I admired you for your zeal in sharing the holy names with others, but also for your internal mood of awakening your own Krsna consciousness. You were absorbed in Vraja bhakti and were never too shy to say that you wanted to serve the Lord one day in the mood of a gopi. Some may have said that it was premature, but I could see that you had understood the siddhanta of our process and were determined to achieve it.
And I miss you especially because you showed yourself to be a kind and loving friend. When my disciples celebrated my Vyasa puja several months ago in the Krsna-Balarama Mandir, you went and spoke for a long time about my service and my success in Krsna consciousness.
I assure you that I am not at all the devotee you thought me to be, but I thank you for encouraging me to become so by your kind words. I heard that you then led a long and blissful kirtana to honor me.
Now it is my turn, and the honor goes to you, but the circumstances are different. Never again in this lifetime will any of us have the good fortune to see you in your rightful place: at the lotus feet of Sri Sri Radhe-Syama, singing your heart out to Them in intense devotion. My dear godbrother, the month of Kartika in Vrndavana will never be the same without you and your rickety old harmonium, surrounded by an expert group of kirtaneers hanging onto your every note of the mahamantra.
My dear Aindra prabhu, how we all miss you! Though you were often outspoken, even fiery on issues within our movement, you were detached from management and politics. You were loyal and independent - very much an ISKCON man, very much a Prabhupada man - with an understanding of the essence of Krsna consciousness: that after all is said and done, ISKCON and Krsna consciousness means chanting the holy names with every fiber of one’s body, with as much devotion as one can muster, for as many hours as possible each day. You embodied that spirit in your kirtanas, and that is why the young people looked up to you so much. That is why we all looked up to you so much. That is why we are all lamenting today.
I have no doubt that you are now in Goloka Vrndavana. You once told me that someone who is born in Vrndavana, lives in Vrndavana, or dies in Vrndavana is immediately transported to Goloka upon leaving the body. Because you yourself lived and died in that holy dhama, you have surely achieved the highest destination.
But I know you have achieved that goal mostly because you made the Hare Krsna mantra so popular all over the world. And you did it by sitting in one place. That’s the amazing thing: you made kirtana and bhajana popular just by sitting on the marble floor of the Krsna-Balarama Mandir, not far from the sacred tamala tree in the courtyard. You inspired us all with your endearing melodies, along with the intense drumming and kartala playing. Because of your devotion-filled voice, the whole world became captivated by those kirtanas. I know, because I hear your kirtanas in temples all over the world.

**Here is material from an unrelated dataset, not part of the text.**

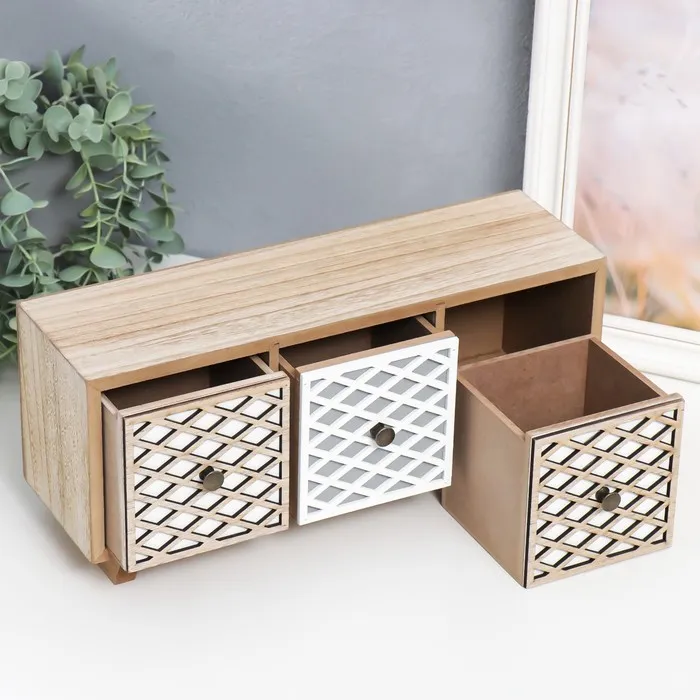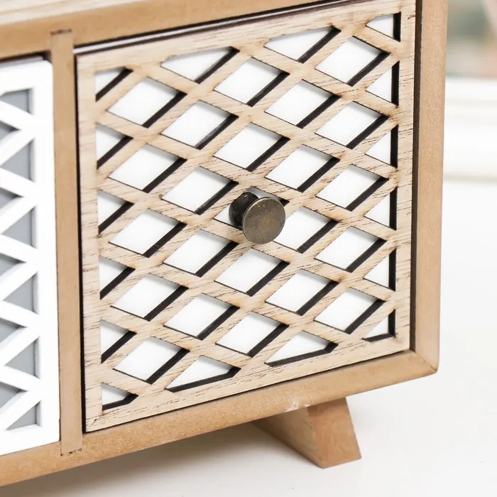 Шкатулка для украшений 3 ящика «Комод. Сетка», дерево, бежево-белая, 10×33×14 см — Характеристики

You have left a void in our hearts that can never be filled in this lifetime. We can only pray to have the good fortune to serve with you again if you decide to take another birth. In the meantime we will try to follow in your footsteps and develop a genuine attachment for the holy names, our worshipable deities, and the holy place of Sri Vrindavan dhama.

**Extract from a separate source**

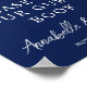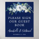 Audaz azul marino y blanco diseño floral de peonía para una boda de invierno moderna. Un elegante spray botánico de hojas verdes se despliega sobre una escritura blanca manuscrita de moda para un letrero de evento moderno para su libro de invitados.

Please look kindly upon us devotees here on the Baltic Sea Coast this summer. We too are trying our best to give the holy names to others. If you, from your transcendental position, are merciful to us, we may succeed in our efforts.
We submit this letter to you, confident that it will reach you through some transcendental medium, and we hope you have heard our glorification and prayers.
Your servants, Indradyumna Swami and the members of the Festival of India in Poland 2010.